GIM7050 - Equalisation reserves: classes other than credit business: de minimis limit
For all business covered by the equalisation reserves regulatory rules except for credit insurance business (for which the rules are described in GIM7100) there is a minimum level of business below which equalisation reserves need not be maintained. Reserves do not have to be created by companies at the end of a financial year (see GIM7210) if they do not have a reserve brought forward at the beginning of that year, and if the written premiums for the year, net of reinsurance, in all groups of business covered by the regulations (except credit insurance) are:
- less than €1,500,000, or
- less than 4% of net written premiums in that financial year in respect of the whole of the company’s general business, and less than €2,500,000 in total.
In the case of a non-resident company these limits apply by reference to the company’s world-wide business.

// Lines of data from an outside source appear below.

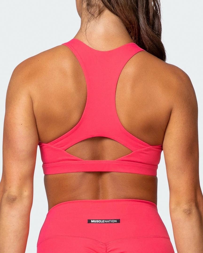 Features of this style include a racer back with keyhole detail and a subtle square neckline.ย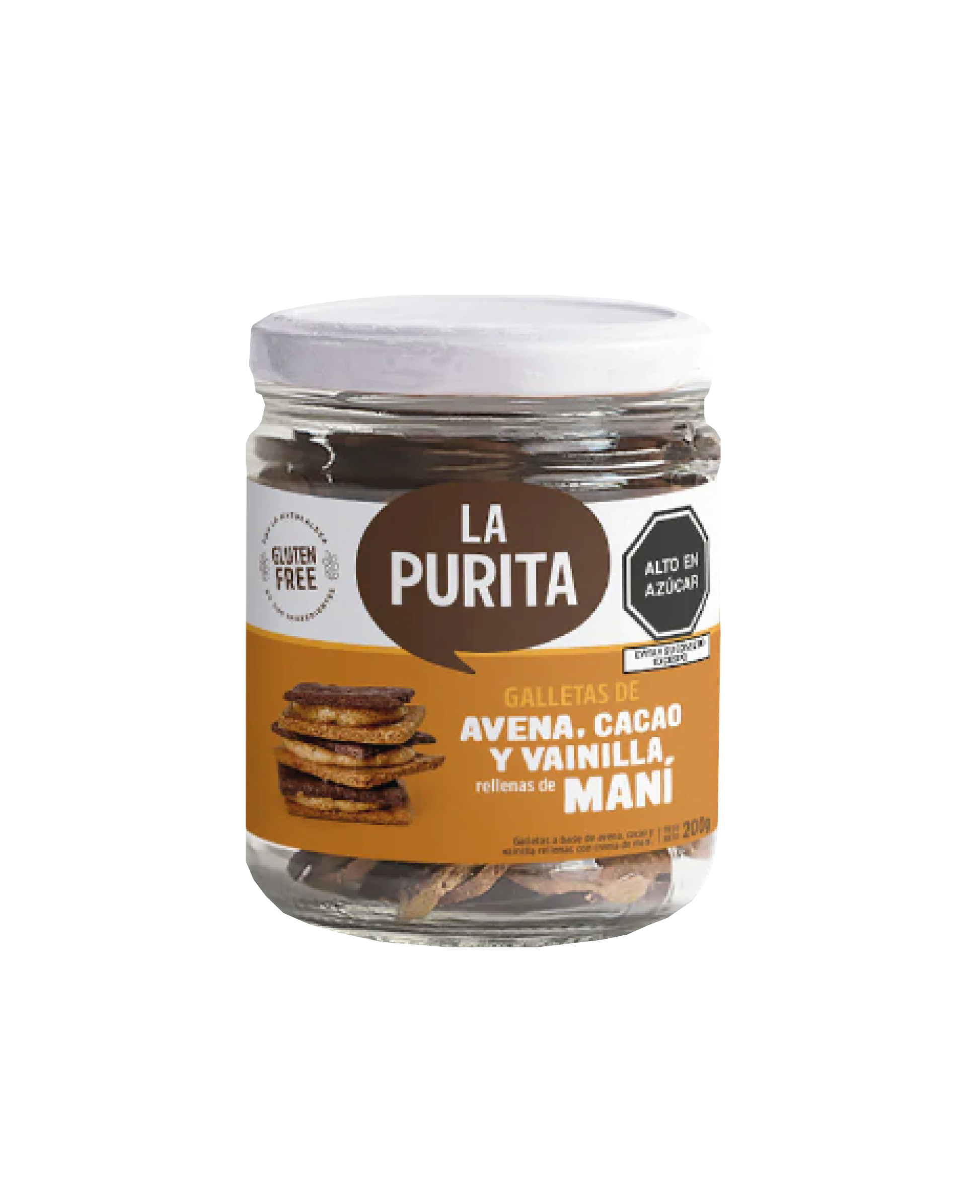 Galletas Avena vainilla cacao Rellenas de Maní Frasco x200gr-La Purita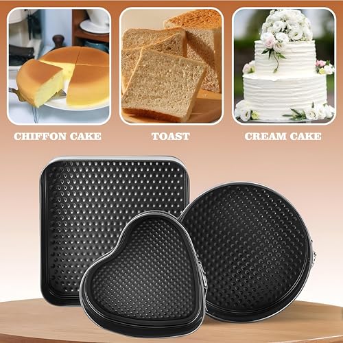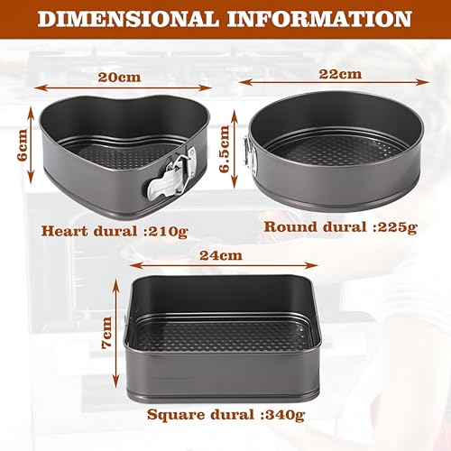- تتضمن هذه المجموعة متعددة الاستخدامات ثلاثة أحجام وأشكال مختلفة للأواني - 20 سم على شكل قلب و22 سم دائري و24 سم مربع - مما يتيح للخبازين صنع كعك متعدد الطبقات أو حلويات أنيقة أو كيش لذيذ لأي مناسبة، من أعياد الميلاد إلى تجمعات العطلات، مع مرونة سلسة في التصميم والتقسيم.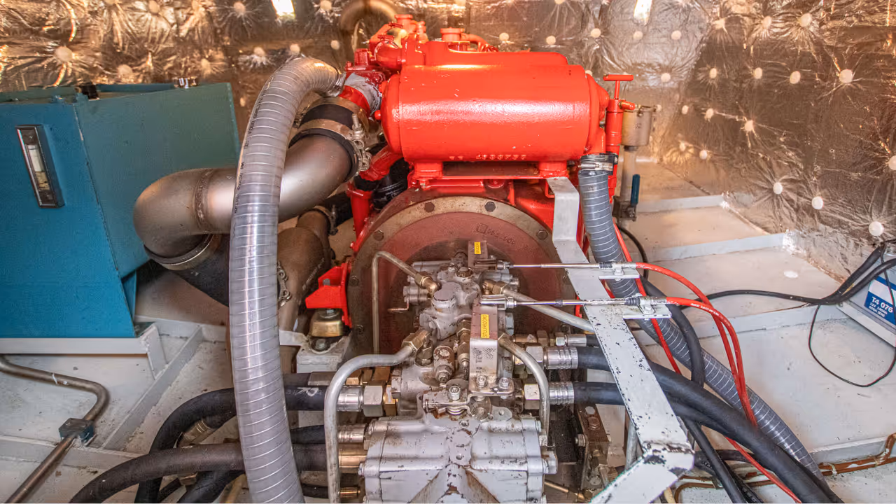 Single Iveco 8061 M12 diesel engine producing 88hp with approximately 80 hours. Freshwater heat exchanger cooling, hydraulic gearbox, and water-cooled exhaust. Paddle-wheel propulsion via hydraulic drive system. Gear selection is continuously variable via hydraulic control.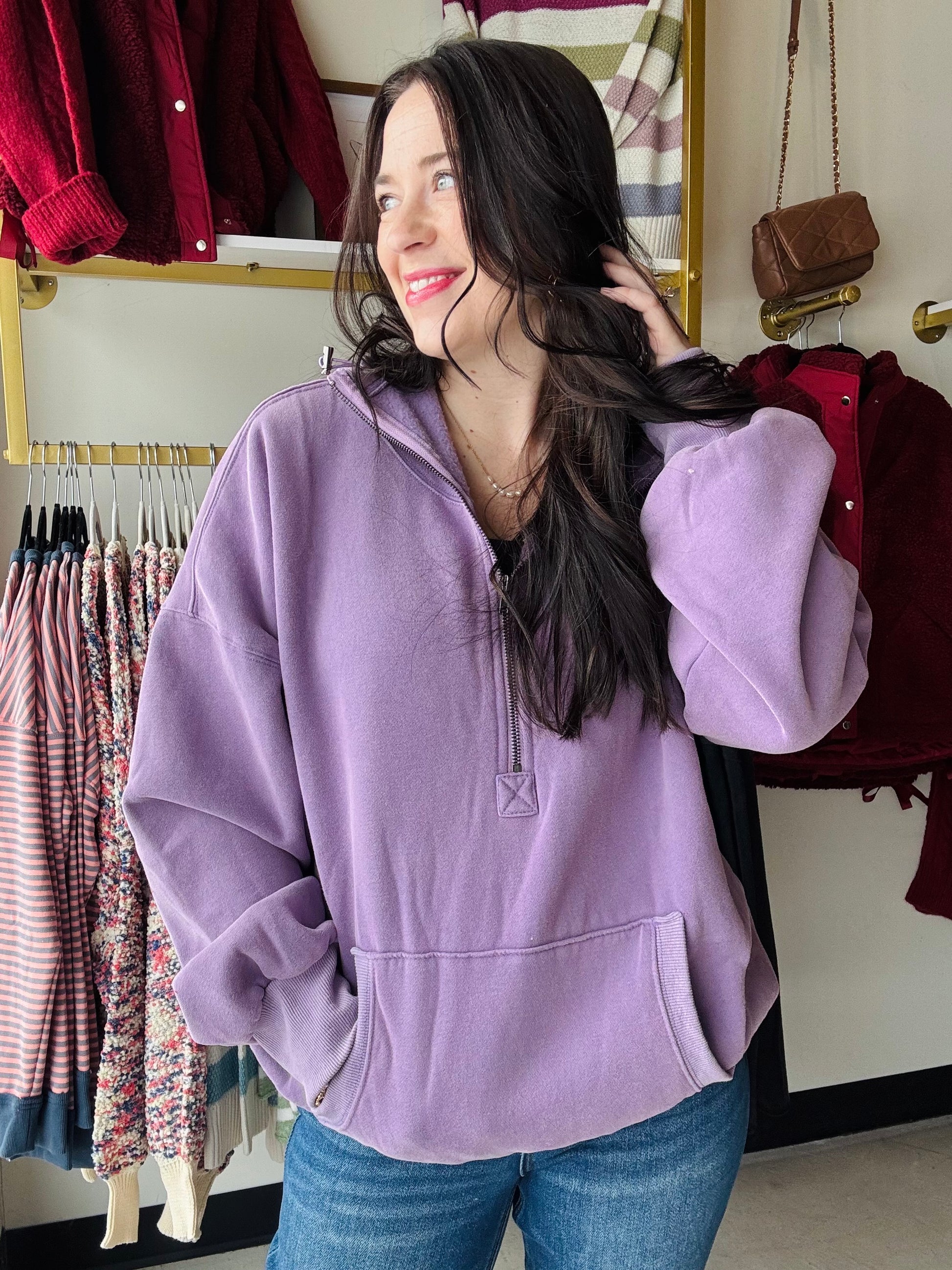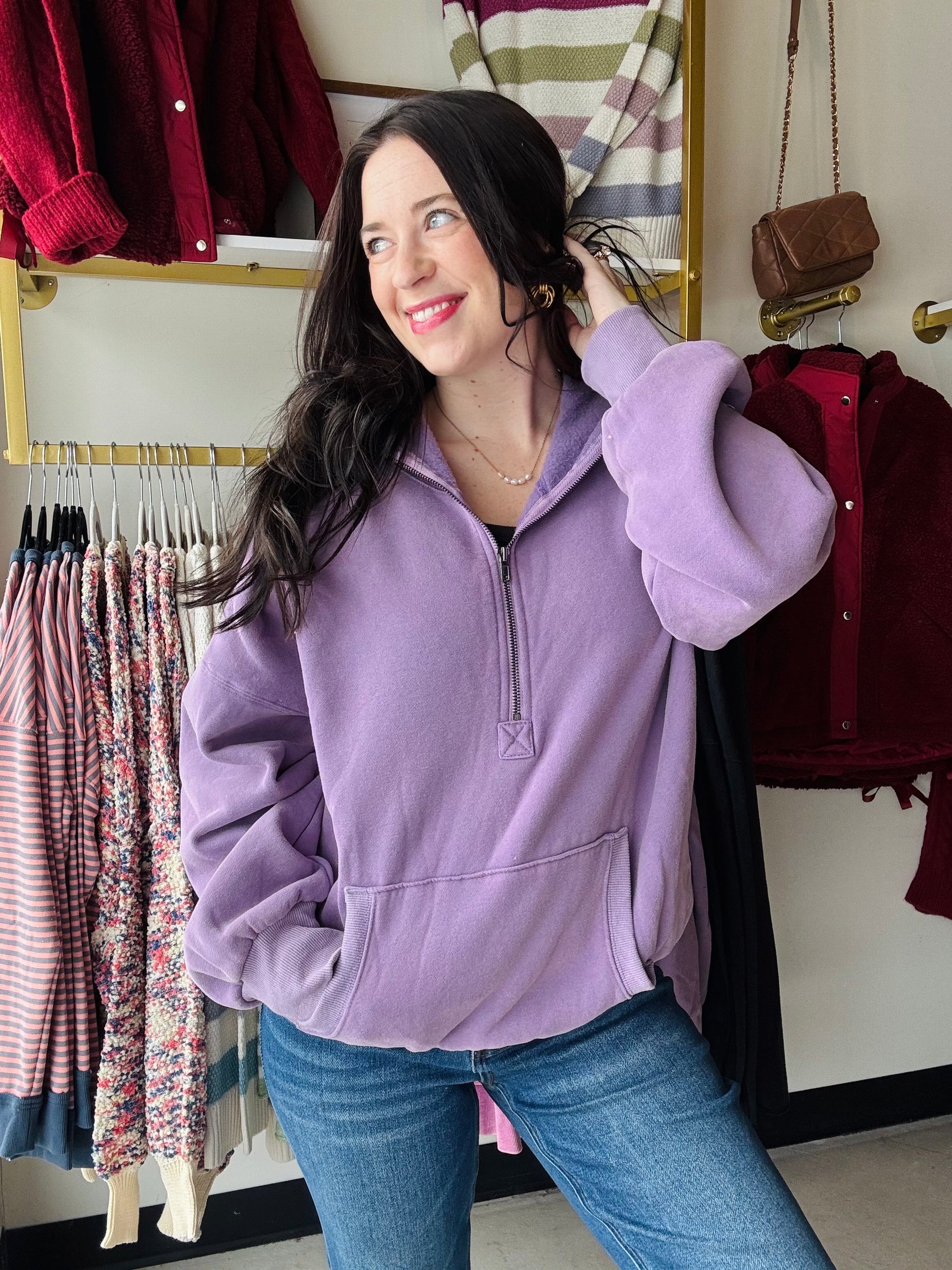 Stay cozy and stylish with our Periwinkle Elastic Hem Hoodie! This half zip fleece hoodie features unique stitch detailing and an elastic hem for a comfortable fit. Perfect for any weather, this hoodie is a must-have for your wardrobe.

When an insurer has an existing reserve, but finds that its level of business then falls below either of these de minimis limits, the rule is broadly that the insurer will be required to reduce the reserve to zero once it is apparent that the reduction is not merely temporary.
An insurance company may maintain an equalisation reserve even though the de minimis limits apply to it. This may be a deliberate choice or, because the regulatory rules are quite complex, it may be inadvertent. Such reserves will not be maintained for the purposes of the equalisation reserves rules and will not attract tax relief.